Reinstating child pornography evidence against a passenger at Los Angeles International Airport, the Ninth U.S. Circuit Court of Appeals in San Francisco said a computer is no different from a suitcase, a car or any other piece of property subject to search at an international border.

Although police need probable cause - specific evidence of criminal activity - to search someone on the street, the U.S. Supreme Court has ruled that no such evidence is necessary for a border search. Courts have also ruled that an international airport is the equivalent of a border.

Border agents would need grounds for suspicion before conducting a body search, but a “piece of property simply does not implicate the same dignity and privacy concerns as highly intrusive searches of the person,” the court said. Judge Diarmuid O’Scannlain wrote the 3-0 decision.

Hopefully, when this makes it to the Supreme Court (and I’m sure it ultimately will), they’ll make the right decisions with regards to privacy.

It’s reasonable to ask someone to turn on their laptop to ensure that it’s not a bomb, but what reason could someone possibly have for looking at files stored on the computer without some sort of probable cause?

To me, despite the Ninth Circuit’s decision (which is surprising, since the Ninth Circuit is usually one of the more “liberal” Courts of Appeal), this smacks of a direct violation of a person’s Fourth Amendment rights.
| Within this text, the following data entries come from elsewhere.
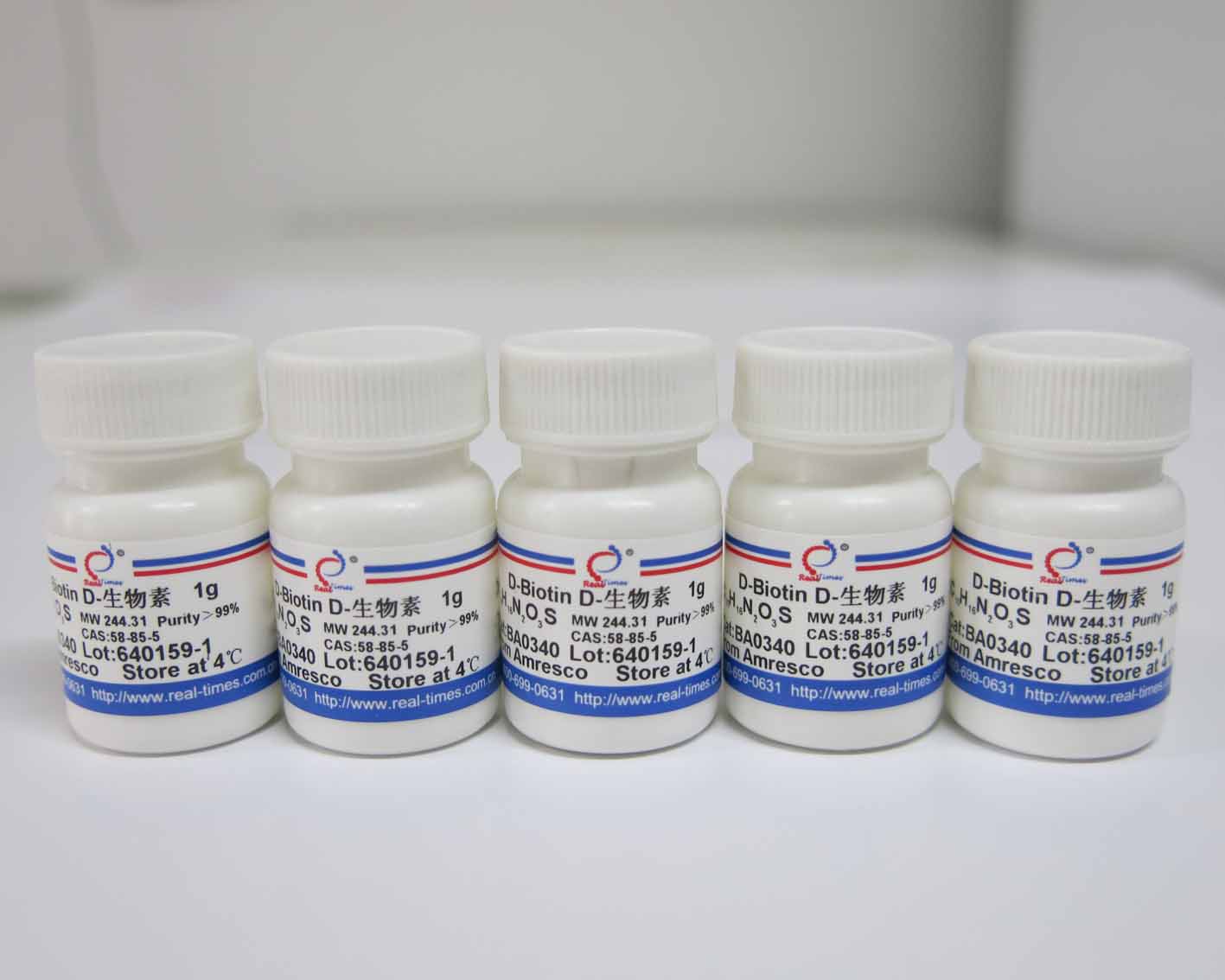 說(shuō)明:A small biomolecule, 244Daltons, that has high binding affinity to avidin and streptavidin often used to label antibodies and enzymes. Several molecules of biotin can react with a single protein molecule to increase the sensitivity at the site of detection in ELISA, immunohistochemistry and Western Blotting.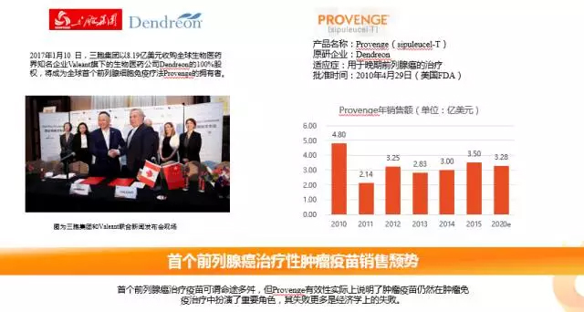目前为止,FDA仅在2010年批准了一个治疗性肿瘤疫苗Provenge,由Dendreon公司原研,用于治疗晚期前列腺癌。Provenge上市第一年销售额达4.8亿美元,而后由于失败的市场推广策略等原因,销售额开始走低,Dendreon公司也因此被Valeant公司收购。 今年1月,国内的三胞集团以8.19亿美元的价格将Dendreon公司从Valeant公司手中收购,成为全球首个治疗前列腺癌肿瘤疫苗的拥有者。Provenge的命途多舛只能说是经济学上的失败,而其有效性已经说明了治疗性肿瘤疫苗在肿瘤免疫治疗中扮演了重要角色。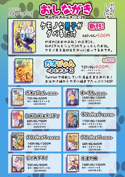 45 134 #けもケット13 新刊 C-29 けものこみち ケモノな男子がダベるだけ A5 / 44P / 500円 いつも通りのケモノ男子学生をメインとした本です。主にケモDK。 ゆるい日常マンガって感じでーす! 今回は薄め!良ければで〜!!🙌 #けものこみち 23/05/04 00:04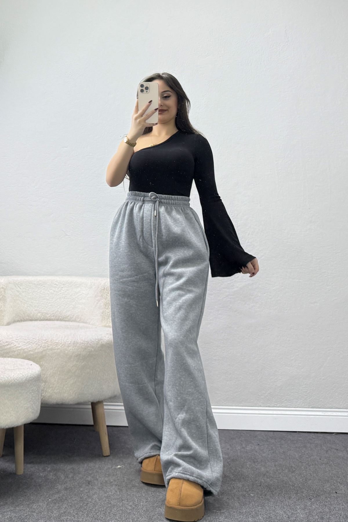 Bel Detaylı 2 İplik Eşofman Altı Gri - 70169.1857.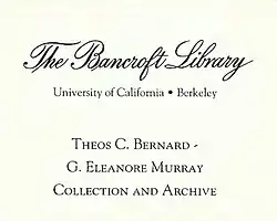 Theos C. Bernard – G. Eleanore Murray Collection and Archive bookplate provided by the California Digital Library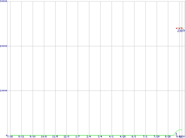 | Mobile Athlon 64 3400+(2.2GHz) バルクの価格推移 | | | (2004年7月16日~2005年9月30日) |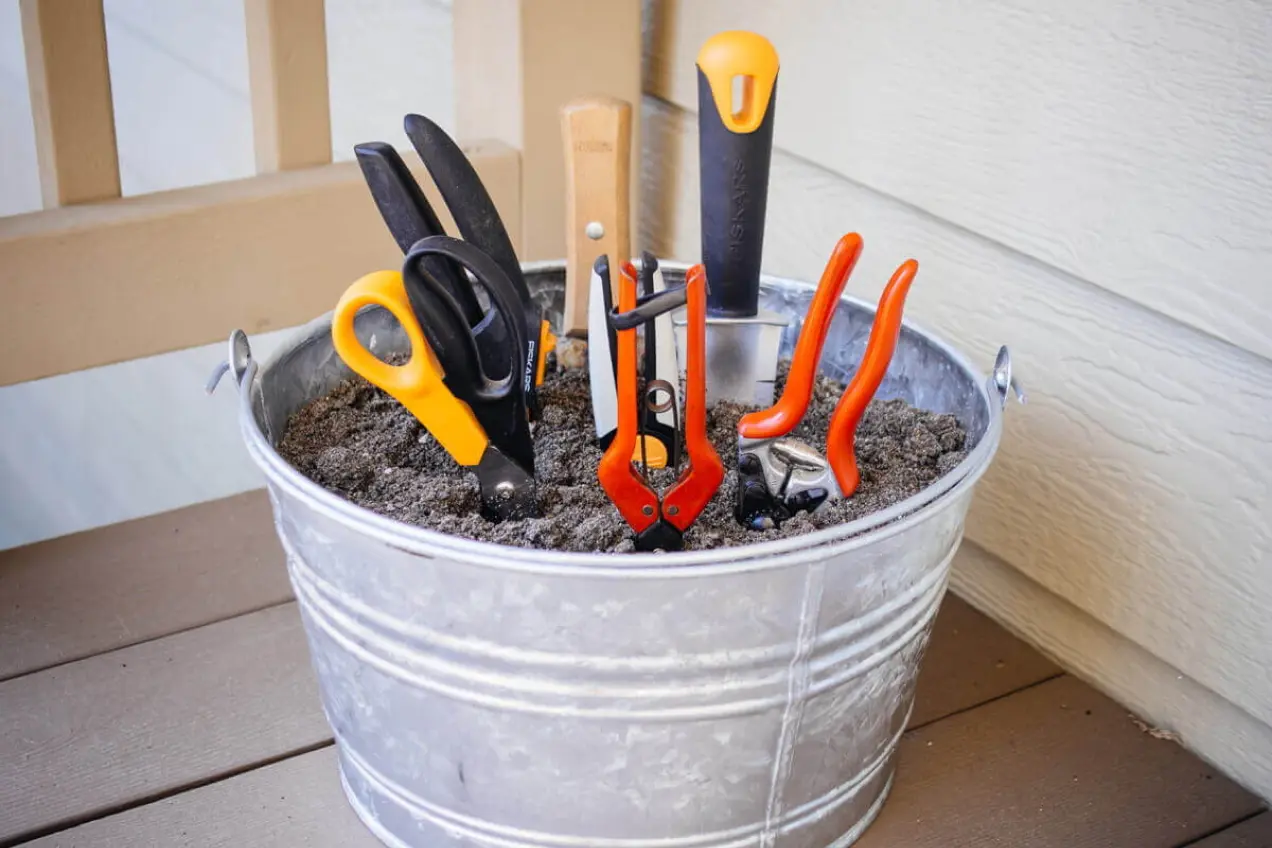 Если воспользоваться этим садовым лайфхаком, секатор и ножницы прослужат дольше. Наполните 10-литровое ведро песком, добавьте 800 мл моторного масла. Перемешайте смесь и погрузите в нее острый садовый инструмент. Перед использованием инвентарь необходимо только хорошо отряхнуть.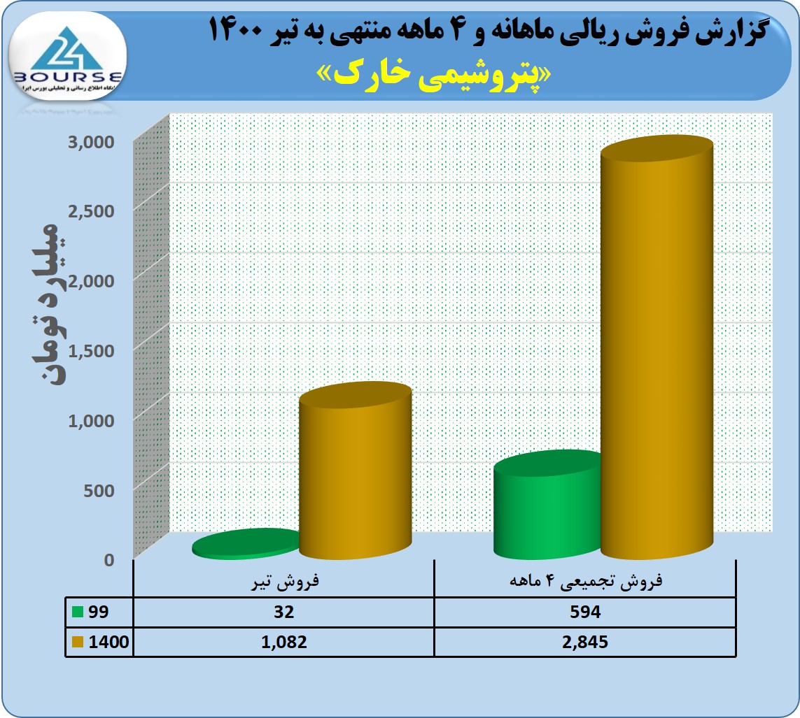به گزارش کدال نگر بورس ٢۴ شرکت پتروشیمی خارک در ۴ ماهه منتهی به تیر از فروش محصولات خود ٢٨۴۵ میلیارد تومان درآمد کسب نمود که از این مبلغ ١٠٨٢ میلیارد تومان آن مربوط به همین ماه می باشد. گفتنی است مبلغ فروش این شرکت در مدت ۴ ماهه در مقایسه با مدت مشابه سال قبل ٣٧٩ درصد رشد داشته است.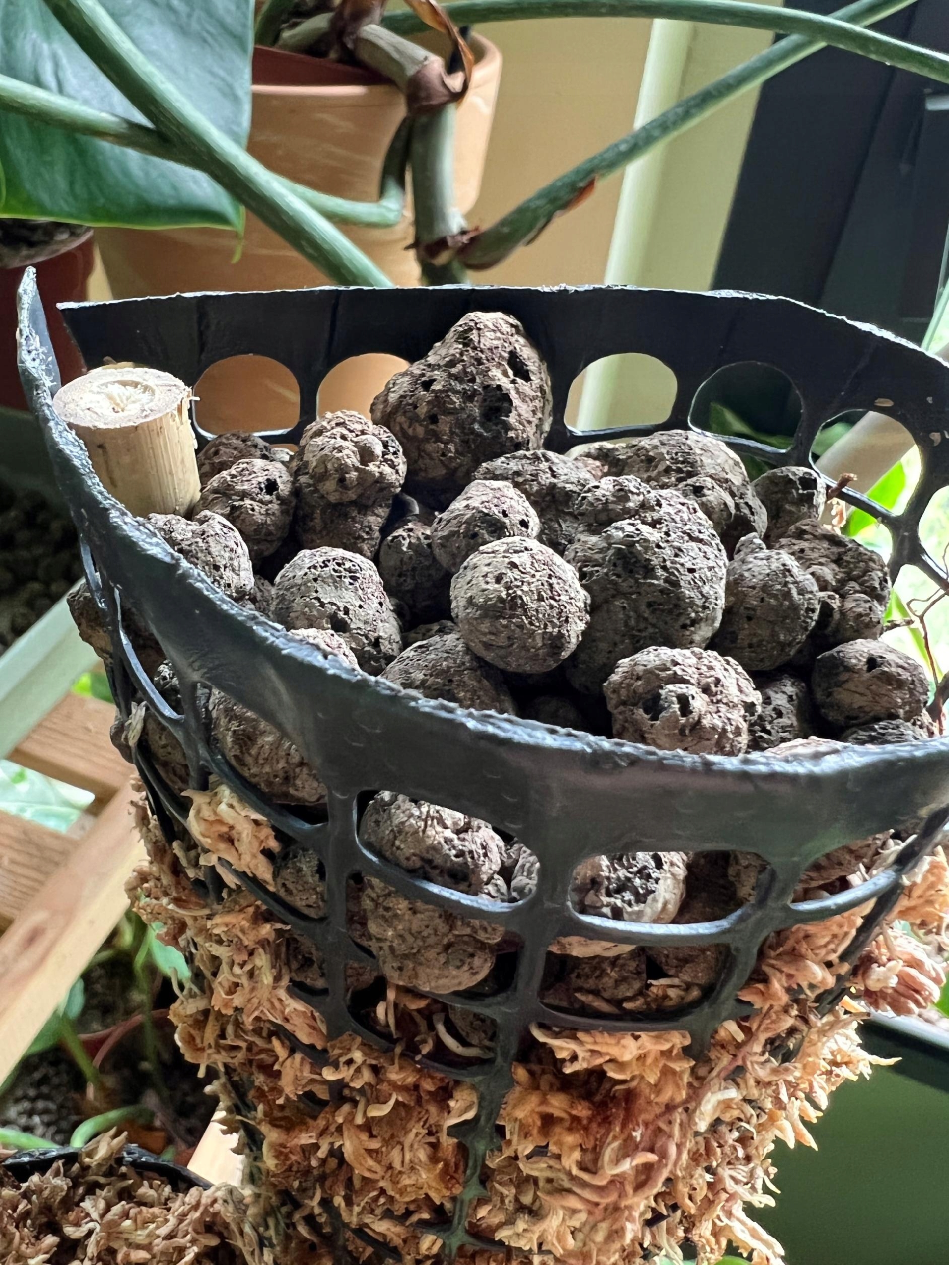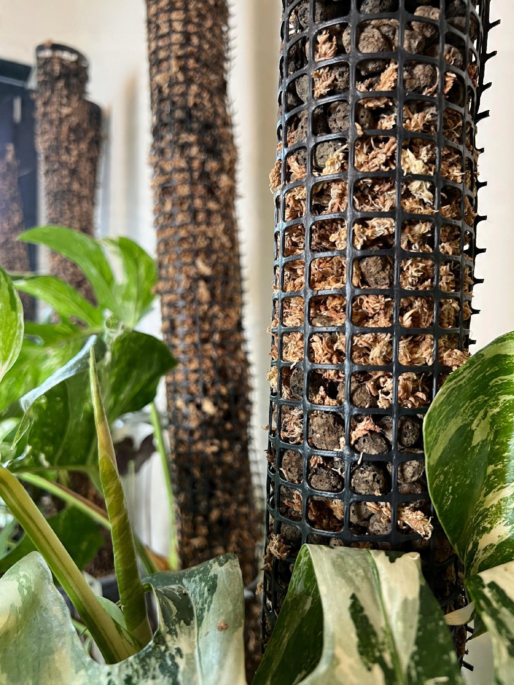 Если вы делаете кол диаметром 8 см, то в сетчатой трубке дополнительно сделаете слои керамзита и мха (как на фотографиях). Это гарантирует легкий полив и дольше сохранит влажность всего кола. В результате растение в будущем отплатит вам прекрасными цветами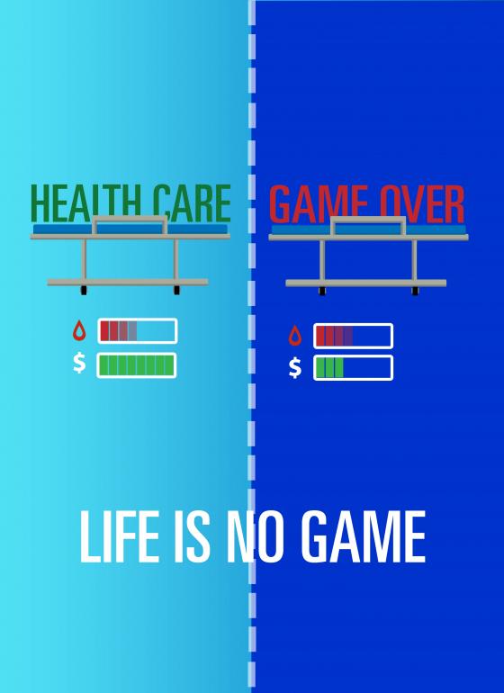 In this poster I chose to bring a certain irony to the theme by giving the viewer the idea they're playing a game. And the only thing that would make them survive to keep playing, is money. Because if they don't have any, the game is over, and they die.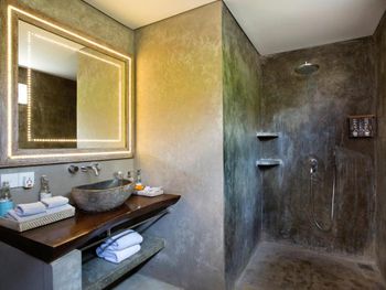 Мы взяли виллу и наверно это была наша ошибка, нам она не понравилась, в первую очередь из-за темноты, она темная и нет веранды на которой можно расположиться, в ноябре-декабре переодически идет дождь и из-за этого в помещении очень пасмурно, а мы прилетели из серой погоды, хотели посветлее. В бассейне отдельном небыло необходимости, тк он не прогревался, почти всегда в тени, возможно это только на нашей вилле, нам досталась «Лаванда» Еще был нюансик, зайдя в номер пахло сильно концентрированным средством с отдушкой цветов, очень на любителя, во второй день запахло сыростью, нам позвонили и сказали, что обнаружили неприятный запах и постараются его устранить, маскировали они его какими-то отдушками, короче, нам всегда чем то пахло. Если в следующий раз приедем сюда, то поселимся просто в номере.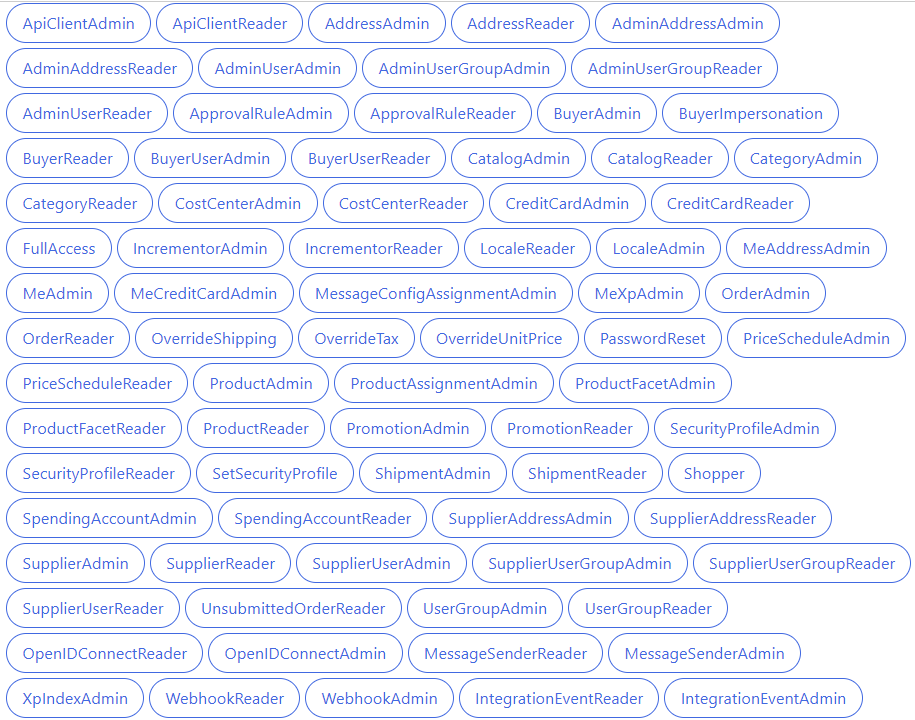 - Roles – this is data access, which can be granularly assigned, for example, BuyerReader, BuyerAdmin, OrderAdmin, etc.:
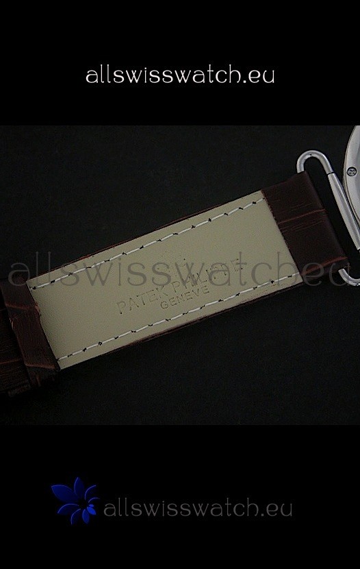 Strap: Genuine Brown Leather Strap with Patek Philippe Markings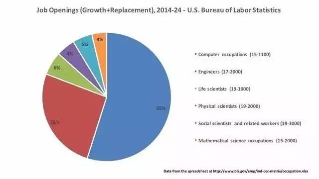 据美国劳动局数据,2014-2024年,STEM类工作的岗位增长率和开放率都是最高的。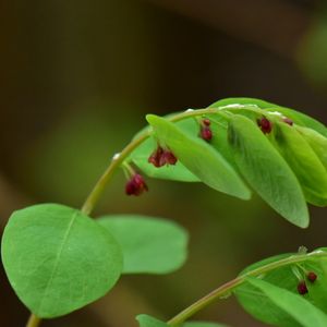 コバンノキ(小判の木) コミカンソウ科コミカンソウ属 落葉低木 赤紫色の花が雄花です。葉の蔭に咲くのであまり目立たないです。雌雄同株ですが雌花は写っていません。 葉は長さ3センチ程の卵形で小判に見えることから「小判の木」と呼ばれます。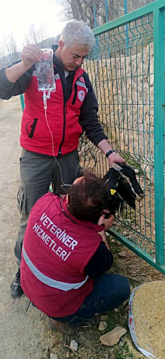 Enkazdan çıkarılan keçilere veteriner hekimler tarafından yapılan ilk müdahalenin ardından su ve yem verildi.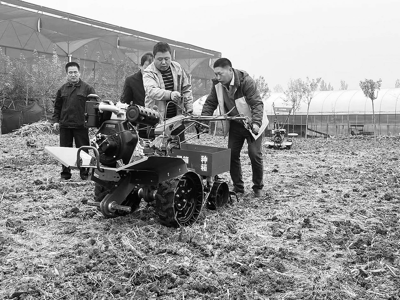李智国教授(右一)在调试农机。(资料图) 本报记者 张恒

For those that aren’t familiar, the Fourth Amendment states:

“The right of the people to be secure in their persons, houses, papers, and effects, against unreasonable searches and seizures, shall not be violated, and no Warrants shall issue, but upon probable cause, supported by Oath or affirmation, and particularly describing the place to be searched, and the persons or things to be seized.”

In today’s age of electronics, I’d call a person’s laptop to effectively be “papers, and effects” … even if the defendant in this case is a pervert carrying child porn, the Customs officials should have never looked at the the files on the laptop without probable cause.

And nowhere, in any of the articles that I’ve found thus far, has there been any indication that this was the case. Instead, they’re claiming that “hey, we can open your luggage to make sure you’re not carrying drugs, so that means we can search all of your business and/or personal documents on your laptop at will as well.”

Talk about a slippery slope … once again I think that Blackstone’s Formulation should rule the day. As a reminder, Blackstone’s Formulation states, “it is better that ten guilty persons escape, than that one innocent suffer.”